POOLING MULTIPLE (>k) BOUNDS COMPUTED ACROSS k STUDIES UNDER MULTIPLE SETS OF ASSUMPTIONS

A single study may present multiple opportunities to bound the same average causal effect under slightly different identifiability assumptions. For example, in Mendelian randomization (MR), researchers often propose multiple genetic variants as instruments to estimate the same exposure–outcome relation. In this case, researchers could consider generating bounds separately for each genetic variant, under the assumption that each genetic variant was a valid instrument on its own. Alternatively, under the assumption that multiple genetic variants were individually and jointly valid instruments, bounds could be calculated by proposing a set of genetic variants as a joint instrument.⁸ This approach could be applied not only to the complete set of genetic variants proposed as instruments, but also to every possible subset of those genetic variants (in a similar spirit to a “leave-one-out” meta-analysis approach). Note that, when using methods like inverse-probability weighting or standardization to account for measured proposed instrument-outcome confounders, investigators must only assume that the genetic variant(s) are conditionally valid instruments, rather than marginally valid instruments.

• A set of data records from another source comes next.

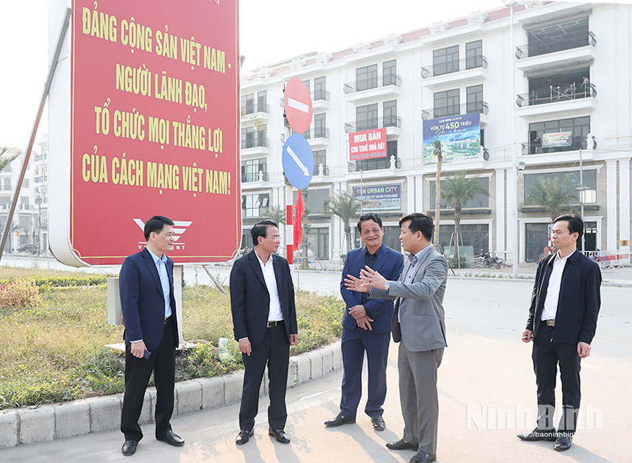 Đồng chí Đặng Xuân Phong, Ủy viên Trung ương Đảng, Bí thư Tỉnh ủy, Trưởng Đoàn đại biểu Quốc hội tỉnh kiểm tra công tác tuyên truyền trực quan tại phường Phủ Lý.
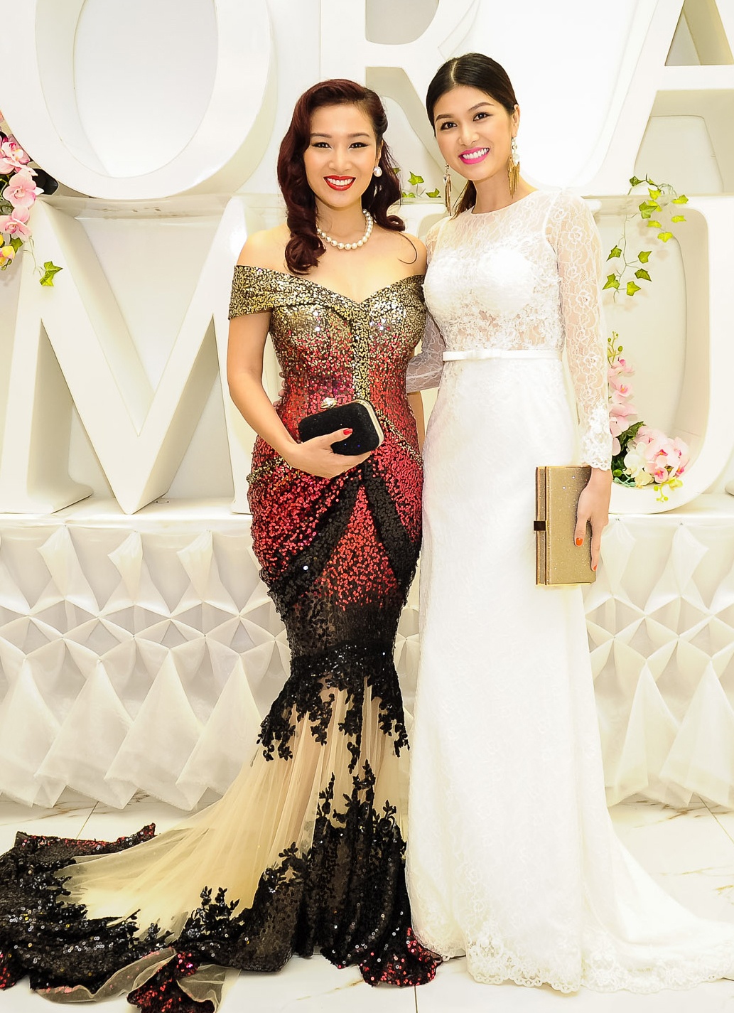 | Người đẹp Oanh Yến diện đầm trắng xuyên thấu chụp cùng hoa khôi Thu Hương. |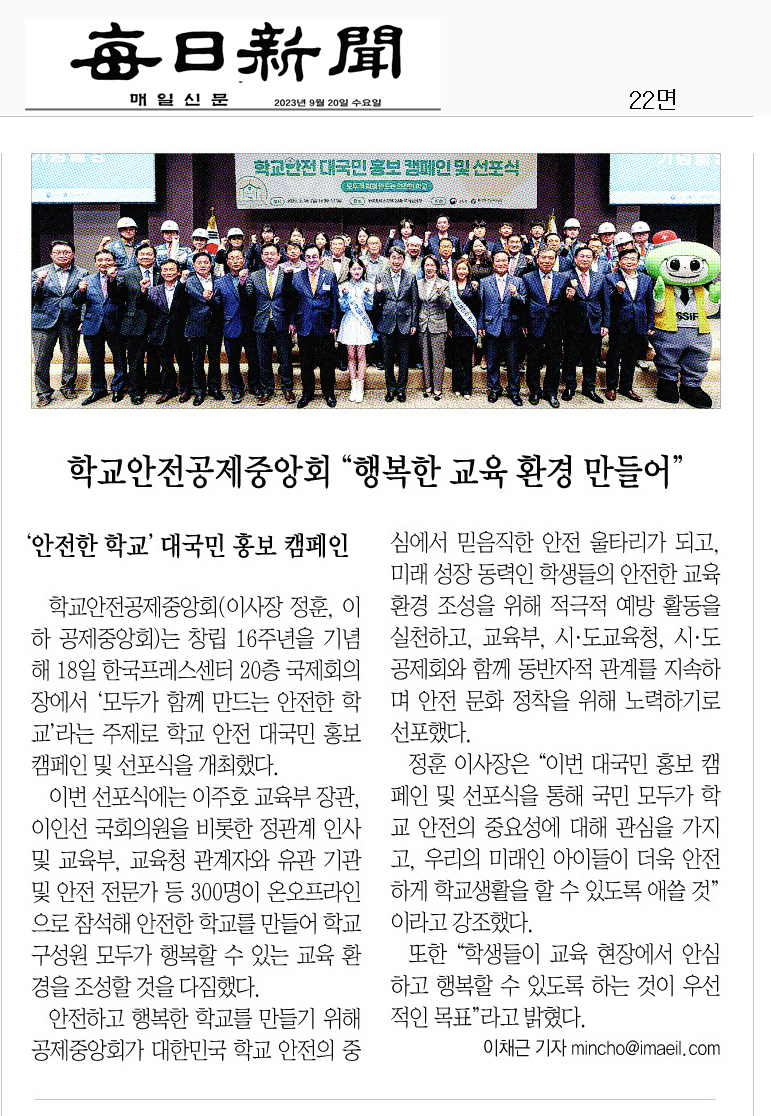 12) 매일신문 안전하고 행복한 학교, 학교안전공제중앙회가 책임집니다 https://news.imaeil.com/page/view/2023091918201728296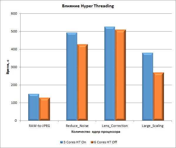 Мы решили еще немного поэкспериментировать с технологией Hyper-Threading, отключив ее и меняя количество ядер процессора от одного до шести. Учитывая, что тест Shake Reduction на процессоре без технологии Hyper-Threading может длиться аномально долго, мы ограничились обработкой одной фотографии.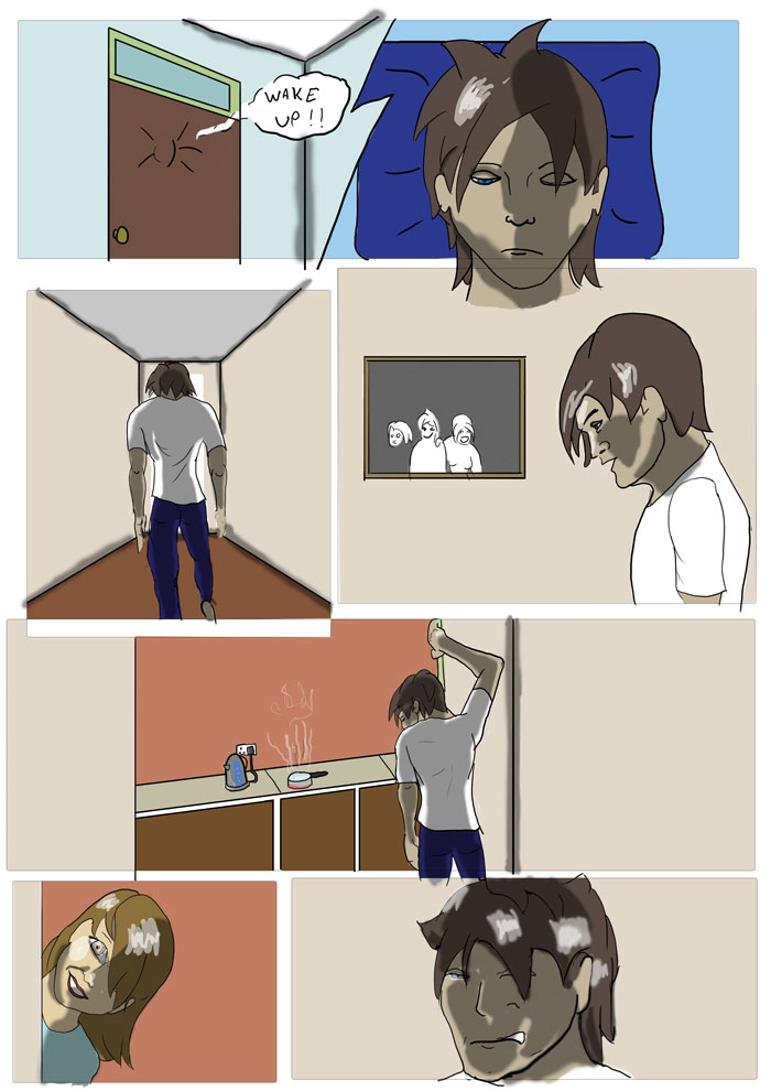 Panel 1 - A teenage boy is lying in bed asleep, streaks of light playing across his face from the poorly closed blinds.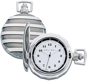 This Colibri timepiece has a polished silvertone finish with patinated barrel-cut lines. Quartz movement with black Arabic numerals and hands are assembled on a white dial. The inside of the case is engravable. Includes a matching 12 inch chain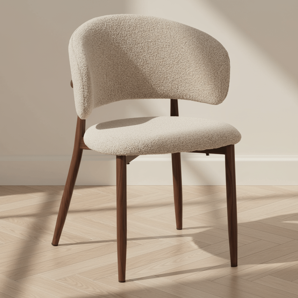 Der Esstischstuhl Yuka ist mit einem luxuriösen Bouclé-Stoff bezogen, der für seine warme, wollige Optik und seine weiche Struktur bekannt ist. Die Beine sind aus Metall gefertigt und mit einer realistischen Walnuss-Holzoptik versehen, was dem Stuhl die perfekte Balance zwischen Stil und Stabilität verleiht. Die Kombination aus weichem Stoff und natürlichen Tönen sorgt für einen zeitlosen Look.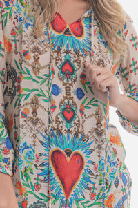 Mexicana Blouse in a digital print, made with silk/viscose, Made in India.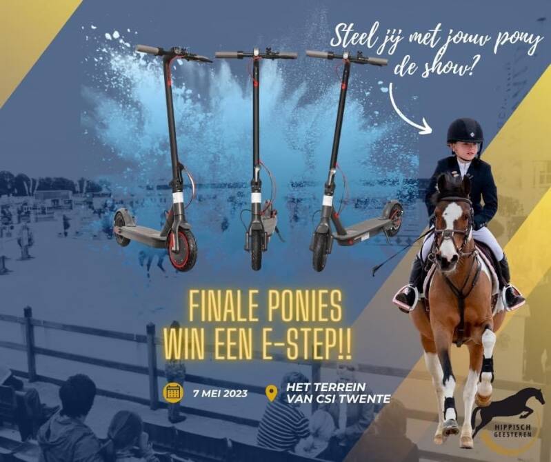 Je mag met maximaal 2 pony’s deelnemen tijdens de finale en je kunt maximaal 1 keer een E-step winnen. Mocht je met een pony flexibel starten, dan telt de hoogste klasse voor plaatsing van de finale.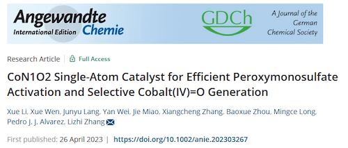 环院智慧|龙明策研究员和张礼知教授Angew. Chem.:钴单原子实现过一硫酸盐高效活化和Co(IV)=O选择性生成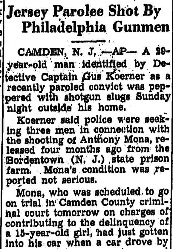 ANTHONY MONA was born February 21, 1918 in Calciano Italy to Vito Nicola and Chiarina (Catherine) Squeo Mona. The Mona family, which included younger brothers Michael and Vincenzo Nicola came to the USA in 1928, Vito Nicola coming first, his wife and children following aboard the SS Roma via Naples in July. Vito Nicola Mona was living at 318 Division Street when his family arrived from Italy. The 1930 Census shows the family living at 937 South Third Street, adjacent to dairyman Matthew Coccia. By the 1942 Vito Nicola Mona and the rest of his family, including Anthony Mona, were living at 947 South Third Street. Anthony Mona first came to the attention of police in 1938, when he was arrested for a holdup. An assortment of crimes minor and major resulted in him being sentenced to state prison in 1944. He walked away from a work detail in June of 1944, but was arrested in a bar near the Airport Circle in Pennsauken and returned to prison a few days later to complete a two-to-three year prison sentence.. Anthony Mona applied for and received a Social Security card in New Jersey around 1963. He died in December of 1966. The 1947 Camden City Directory shows a Mrs. Stella Mona living at 947 South Third Street. As Anthony Mona would have still been serving out his prison sentence when the directory was compiled, it is apparent that Stella Mona was his wife. Stella Mona, last a resident of Bellmawr NJ, passed in July of 1988. Anthony M. Mona, aged 42, of Bellmawr passed in September of 1992. He appears to have been the son of Anthony Mona. |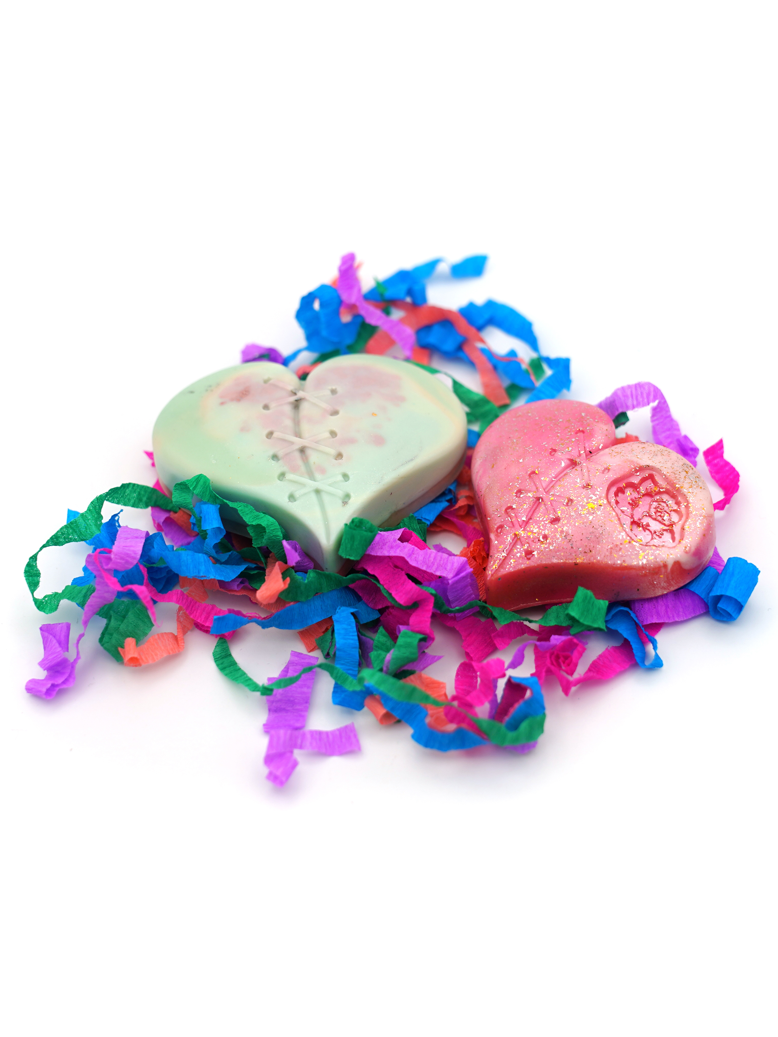 Мыло Сердечки зеленое и розовое с золотом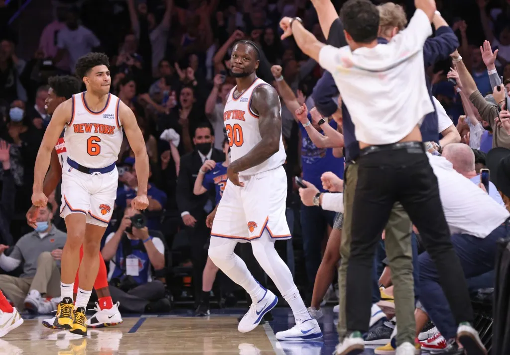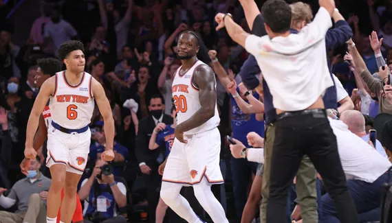 La balle de match est pour Julius Randle avec un simple système en isolation. Le petit pas de côté pour se donner un mètre sur son défenseur, et il fait mouche à l'ultime seconde (115-113). On est qu'en présaison, mais des spectateurs lui sautent dessus. C'est la magie new-yorkaise.

In this case, bounds can be pooled across study populations separately for each assumption set used to generate the bounds. In an MR study proposing multiple genetic variants as instruments, investigators can generate pooled bounds on $E(Y^a-Y^{a^{\prime }})$ separately for each subset of genetic variants proposed as instruments. These pooled bounds can then be compared with one another to “triangulate” results and, by assessing the degree of overlap between different pooled bounds, to evaluate the dependence of the results on the validity of the MR conditions for each genetic variant proposed as an instrument.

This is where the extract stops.